-------- DATA EXTRACT --------
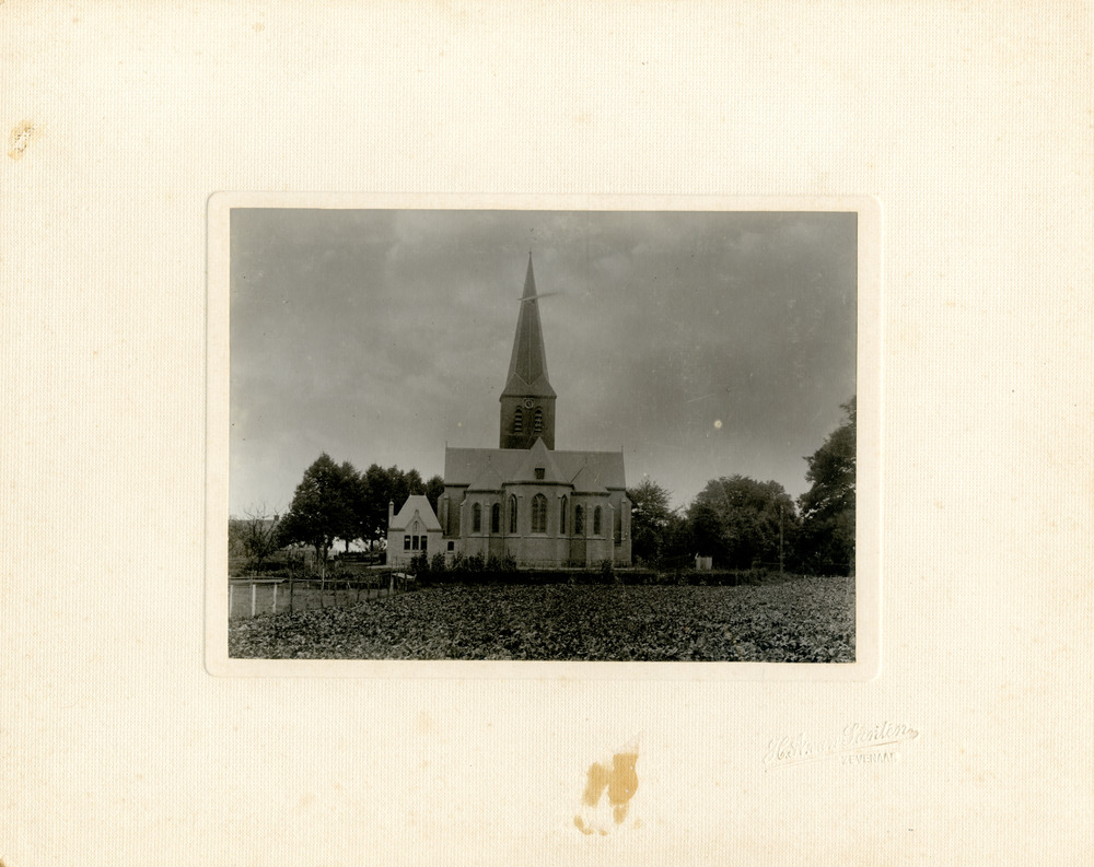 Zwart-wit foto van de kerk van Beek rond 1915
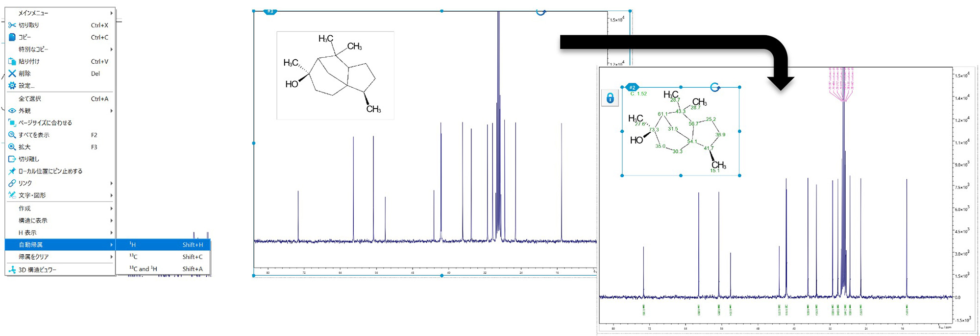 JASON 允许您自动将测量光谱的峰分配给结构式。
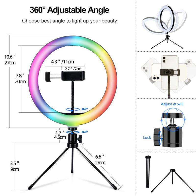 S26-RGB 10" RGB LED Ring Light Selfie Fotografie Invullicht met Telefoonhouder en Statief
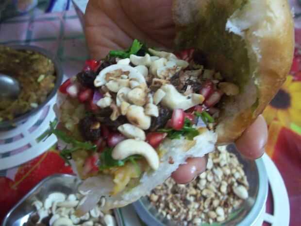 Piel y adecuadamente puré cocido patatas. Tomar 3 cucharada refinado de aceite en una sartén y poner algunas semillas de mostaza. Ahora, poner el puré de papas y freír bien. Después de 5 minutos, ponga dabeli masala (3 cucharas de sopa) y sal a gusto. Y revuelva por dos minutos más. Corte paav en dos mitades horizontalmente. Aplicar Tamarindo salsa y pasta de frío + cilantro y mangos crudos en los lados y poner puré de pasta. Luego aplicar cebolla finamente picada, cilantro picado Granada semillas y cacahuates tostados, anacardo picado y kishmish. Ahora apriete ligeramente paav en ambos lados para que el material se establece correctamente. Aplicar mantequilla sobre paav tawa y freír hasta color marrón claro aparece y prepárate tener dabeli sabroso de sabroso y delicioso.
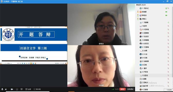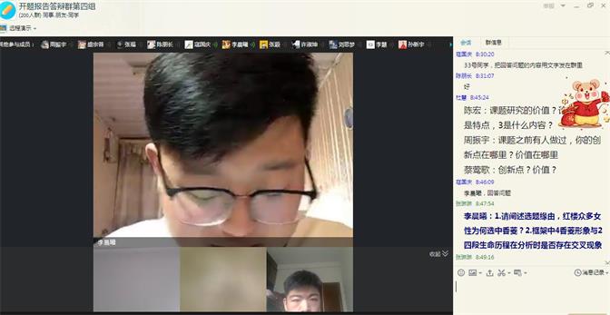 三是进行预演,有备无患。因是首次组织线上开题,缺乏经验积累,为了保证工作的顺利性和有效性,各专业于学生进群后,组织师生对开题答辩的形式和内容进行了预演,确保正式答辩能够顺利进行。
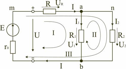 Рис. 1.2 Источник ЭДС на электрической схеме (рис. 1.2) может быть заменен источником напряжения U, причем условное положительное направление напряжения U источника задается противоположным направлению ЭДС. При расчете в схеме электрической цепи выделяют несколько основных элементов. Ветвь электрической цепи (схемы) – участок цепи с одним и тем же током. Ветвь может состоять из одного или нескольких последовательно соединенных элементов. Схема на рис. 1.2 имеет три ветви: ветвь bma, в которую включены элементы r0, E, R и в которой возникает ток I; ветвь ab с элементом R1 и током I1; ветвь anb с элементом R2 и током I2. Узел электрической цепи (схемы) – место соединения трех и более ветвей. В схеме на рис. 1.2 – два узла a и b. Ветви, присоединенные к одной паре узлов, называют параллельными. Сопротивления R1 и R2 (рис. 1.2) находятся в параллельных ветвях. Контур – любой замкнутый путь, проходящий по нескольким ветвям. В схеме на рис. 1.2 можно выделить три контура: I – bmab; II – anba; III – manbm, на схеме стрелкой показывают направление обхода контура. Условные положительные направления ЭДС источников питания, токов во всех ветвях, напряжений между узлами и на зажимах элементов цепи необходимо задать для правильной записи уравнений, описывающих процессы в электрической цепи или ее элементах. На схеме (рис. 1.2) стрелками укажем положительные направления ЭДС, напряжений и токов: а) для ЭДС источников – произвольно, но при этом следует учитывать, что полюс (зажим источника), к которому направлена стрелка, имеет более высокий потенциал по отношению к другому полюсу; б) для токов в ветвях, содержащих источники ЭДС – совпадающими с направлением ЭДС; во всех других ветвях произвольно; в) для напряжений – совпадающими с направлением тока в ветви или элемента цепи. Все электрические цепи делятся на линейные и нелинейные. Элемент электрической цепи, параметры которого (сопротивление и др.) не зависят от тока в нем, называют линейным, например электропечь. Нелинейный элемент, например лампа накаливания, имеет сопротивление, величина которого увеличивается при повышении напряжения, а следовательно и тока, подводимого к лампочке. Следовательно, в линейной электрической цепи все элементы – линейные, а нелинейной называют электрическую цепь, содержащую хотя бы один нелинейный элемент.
--------
:: ACTIVITY ::
The reply should hold the lines from the top of the records through the line containing "三是进行预演,有备无患。因是", reproduced exactly, and no pictures.

:: RESULT ::
 Zwart-wit foto van de kerk van Beek rond 1915
 JASON 允许您自动将测量光谱的峰分配给结构式。
 S26-RGB 10" RGB LED Ring Light Selfie Fotografie Invullicht met Telefoonhouder en Statief
 Piel y adecuadamente puré cocido patatas. Tomar 3 cucharada refinado de aceite en una sartén y poner algunas semillas de mostaza. Ahora, poner el puré de papas y freír bien. Después de 5 minutos, ponga dabeli masala (3 cucharas de sopa) y sal a gusto. Y revuelva por dos minutos más. Corte paav en dos mitades horizontalmente. Aplicar Tamarindo salsa y pasta de frío + cilantro y mangos crudos en los lados y poner puré de pasta. Luego aplicar cebolla finamente picada, cilantro picado Granada semillas y cacahuates tostados, anacardo picado y kishmish. Ahora apriete ligeramente paav en ambos lados para que el material se establece correctamente. Aplicar mantequilla sobre paav tawa y freír hasta color marrón claro aparece y prepárate tener dabeli sabroso de sabroso y delicioso.
 三是进行预演,有备无患。因是首次组织线上开题,缺乏经验积累,为了保证工作的顺利性和有效性,各专业于学生进群后,组织师生对开题答辩的形式和内容进行了预演,确保正式答辩能够顺利进行。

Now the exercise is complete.